How does it work, how can you think about it. Memory models! Once you're in multiprocessing world store-to-load forwarding can be even more interesting than a common optimization.
What properties do you want from your system? Are these single thread improvements "great until they're not?!"

00:29:00 Sparsity of stack slot usage

Each stage is contiguous
How a function uses the stack can be super sparse!
Compiler allocates a slot for each named value in your program
"Coloring" problem -- some parts of the function might have disjoint use of slots
Similar to register allocation -- set of resources is stack memory
Figures out which ones are mutually exclusion like register allocation
In if/else blocks there's mutual exclusion -- even if you reuse slots in that way you end up with parts of the stack that are unused
You could split paths? But probably a lot more overhead for the compiler to track the paths / stack implications and know how to roll them back
Do compilers ever split to optimize stack behavior?
Compiler will do partial outlining to make cold code less intrusive, force any required spilling on that cold path -- maybe that reduces required stack space to some degree?
Probably they need to unify their understanding of the stack at any given program point

00:31:50 Where does the stack go?

Do addresses grow up or grow down?
If A calls B is A's frame addresses bigger than B's frame addresses?
These days it's usually down: earlier in the call stack has higher address for its frame than its callees
Architecture like ARM is both bi-endian and bi-directional in its stack growth
Nothing to do with the abstract notion of push/pop.
Direction is interesting in general -- x86 has a direction register bit!
Changes the direction the addresses iterate for REP (repeat) instructions.
There are these various convention(s) we adhere to based on ABI.
Different implementations do different things when they implement the ABI.

00:33:07 Seemingly arbitrary choices in computer systems

Always fun to see these -- little vs big endian, address map with 0 at top or bottom?
Endianness from Gulliver's Travels: Lilliputians crack and egg on one side or the other (big or little side) that led to holy war.
We have a "war" over whether the low bytes of a multi byte word go at the low memory or high memory [byte] address, we similarly fight these wars over interesting small issues [ed: tabs vs spaces, anybody?].
If you only had the ability to access a word, you wouldn't know what the endianness of a machine is! If you can't observe the byte storage. Would need to fix alignment as well -- or only have word addresses.
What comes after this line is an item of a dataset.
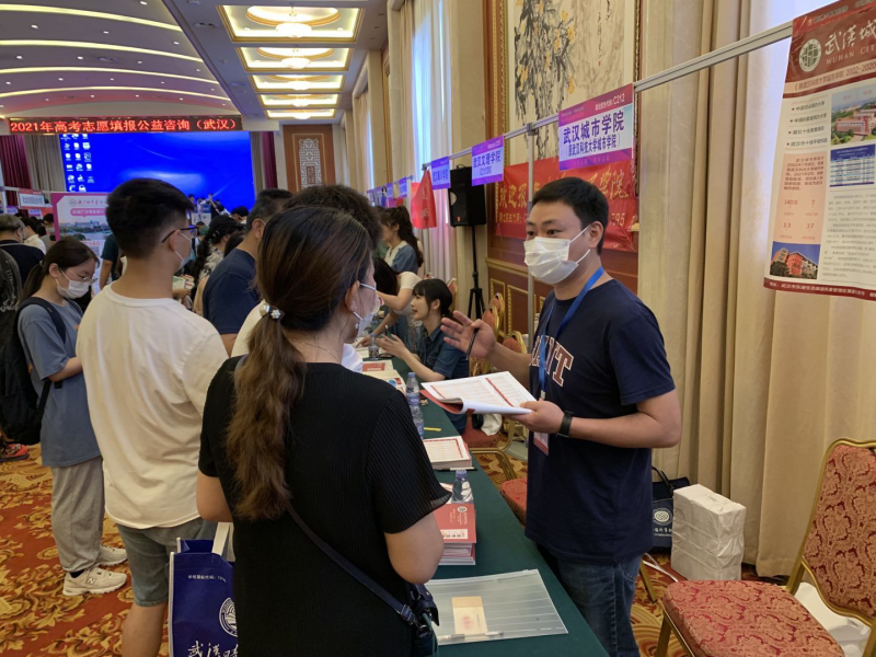 “我的成绩高出本科分数线5分,特别喜欢武汉城市学院,第一志愿报你们学校,录取的概率大不大?” 在招生宣传现场有一个考历史的考生询问招生老师,一边询问一边记录相关信息。

Word.

00:35:05 Unwinding

Let's say you want to grab a backtrace from your program because it crashed or there's a bug or want to know where it is for diagnostic purposes, or in C++ you throw an exception and need to unwind it, any exception guards to trigger? etc
Even just programming normal C you might want to capture a backtrace to emit a good message on segfault or something, send crash diagnostics back to home base in the case of browsers or something
[ed: or sampling profiling!]
Conceptually just want to walk the linked-list-like structure described earlier
Frame pointer to find older frame, look next to it to find the return address
Linkage between frames and code that caused the frame to be on the stack (via return address)
Lots of cool libraries people have developed to do this: libunwind, libunwind-llvm, libunwind-gcc, crash reporting libraries that wrap up unwinding facilities e.g. breakpad -- what code was executing when something bad like a crash happened?
Ability to walk stack structure and ask questions about it is key!

00:36:40 Walking with frame pointer omission?
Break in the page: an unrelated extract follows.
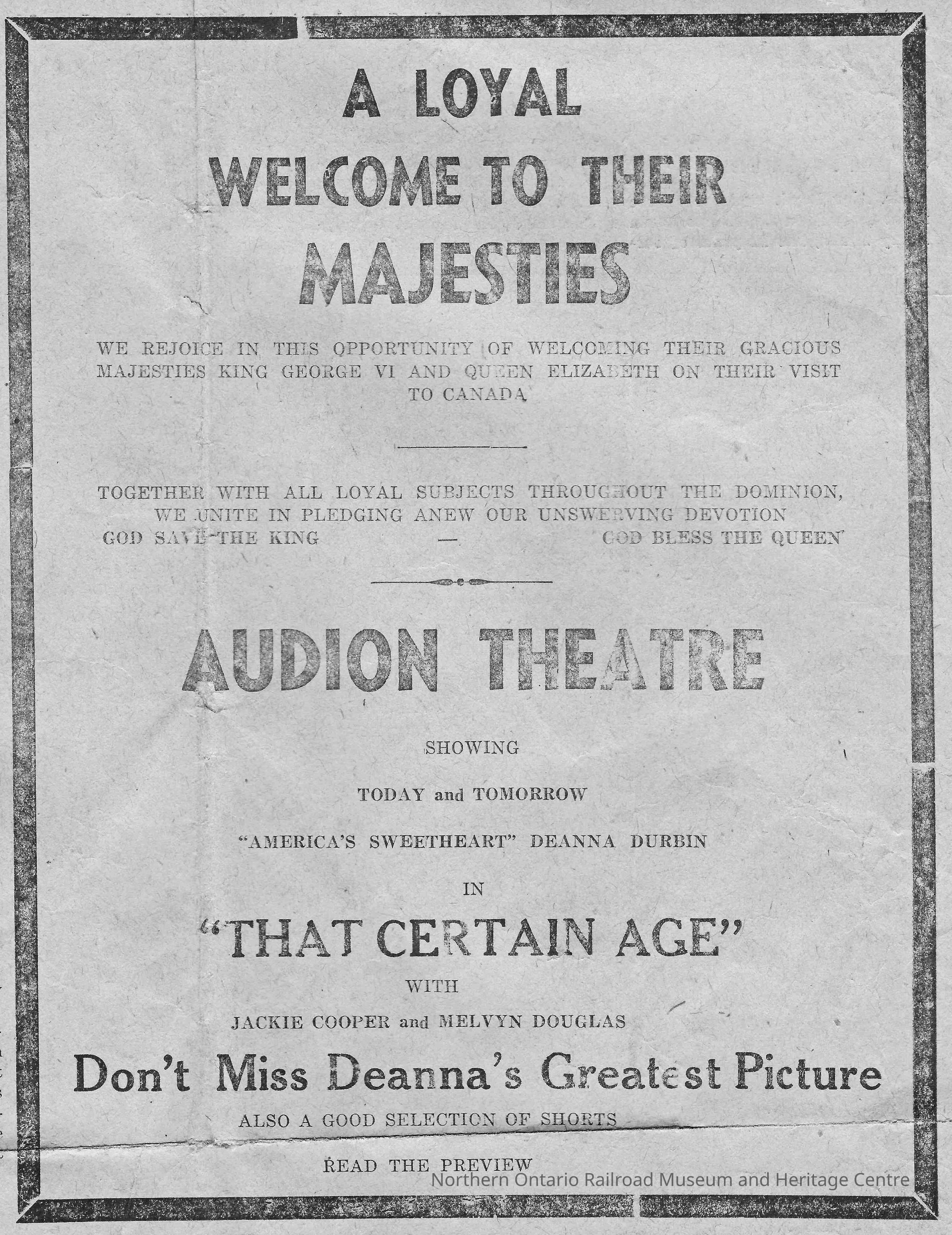 Newspaper Advertisement, Audion Theatre, Capreol, 1939.Collection

If you think about a basic unwinder, all you have to do is walk the stack itself -- tiptoe through the linked list.
But what if you elided frame pointers.
Side data structure that tells you how to determine the frame size for each function.
Compiler knows what it is, so can emit "side data" in the program.
Unwinder needs to look at current program counter -- for callers that gets pushed onto the stack (for the call), callee pops it into the program counter to go back to where it was
Program counter can be used to look up the frame size data
Read only information that the compiler generates keyed off of program counter
Less info to carry on the stack, and only need to look up those side data structures if you're trying to do unwinding
Goes into binary section like DWARF info if you're using ELF binaries, or PCOFF or what have you on Windows
If you're doing unwinding have to call RAII destructors or finally blocks in languages like Java
In other cases may want to do setjmp/longjmp with landing pads -- Win32 did that on x86 to implement exception handling
As you unwind the stack you somehow have to figure out where your landing pads are because those have the code that do the cleanup
For exceptions you have to run code: destructors, catch blocks, etc
Unwind one, look up landing pad, do some work, look up the next landing pad
If you have an exception that happens during the "work", have to deal with that
On Windows it mixes Structured Exception Handling (SEH) with C++
If you have faults or divide by zero floating point you can handle it with SEH
In Windows C++ code you can catch unrelated exceptions from SEH which can be surprising
So with SEH you can write a trap handler in a C program -- might use signals for in other environments like POSIX

00:40:35 What are setjmp/longjmp?

Way to save the current state of registers and where you are on the stack and such
setjmp buffer -- saves it, longjmp you give the buffer and it puts the state back the way it was before
setjmp is a function that can return "twice" (a la clone()) -- first time it saves the state, when you longjmp back it tells you that the state has been restored -- a function that can return twice!
Local state inside of the CPU, sometimes called a microcontext? Registers in it and such to restore to make the local processor state look the way it was
Heap can't go back, but local processor state can go back to where it was
Similar to what we do when we enter kernel space in a way, stash a bunch of state away so the kernel can start doing its thing, then you can resume
Abstract notion of continuations we may have to talk about at some future point

00:41:53 Variable sized stack entities!

We've been talking about frames being of a set size, but there are these functions in C and (kind of) C++, called alloca, and you also have variable length arrays (VLAs)
N bytes is the size, and declare it goes on the stack
Interesting topics: how are they optimized, what's their behavior when it's dynamic, and such!
If you look at standard C++ there's no variable length arrays, common extension to support C VLAs in C++ but not officially a thing that exists
Neat to be able to change the size of the stack frame at runtime
Small stack buffer optimizations using alloca; e.g. "only up to 256 bytes of stuff, otherwise I'll heap allocate"
alloca is kind of an extension to the language in a way
alloca/malloc and then corresponding nothing/free before it exits the scope
alloca(0) technically undefined behavior, as is VLAs of 0
Can try to optimized based off of that undefined behavior, but it breaks things!
What about VLA of negative value? Can't un-grow the stack!
Alloca/VLAs don't fail!
Is it pronounced alloca or "alloh-ka"? We're not sure, but we do know JF is French-Canadian. Alloc, eh?
Returns a pointer to the stack location, can it return null? Would have to be slower if it nominally could fail.
Part of language or OpenGroup POSIX standard? C Programming Language? We're not sure, maybe part of POSIX.
Within LLVM everything is represented as alloca and creates stack out of consolidated allocas, and put things into registers that it can.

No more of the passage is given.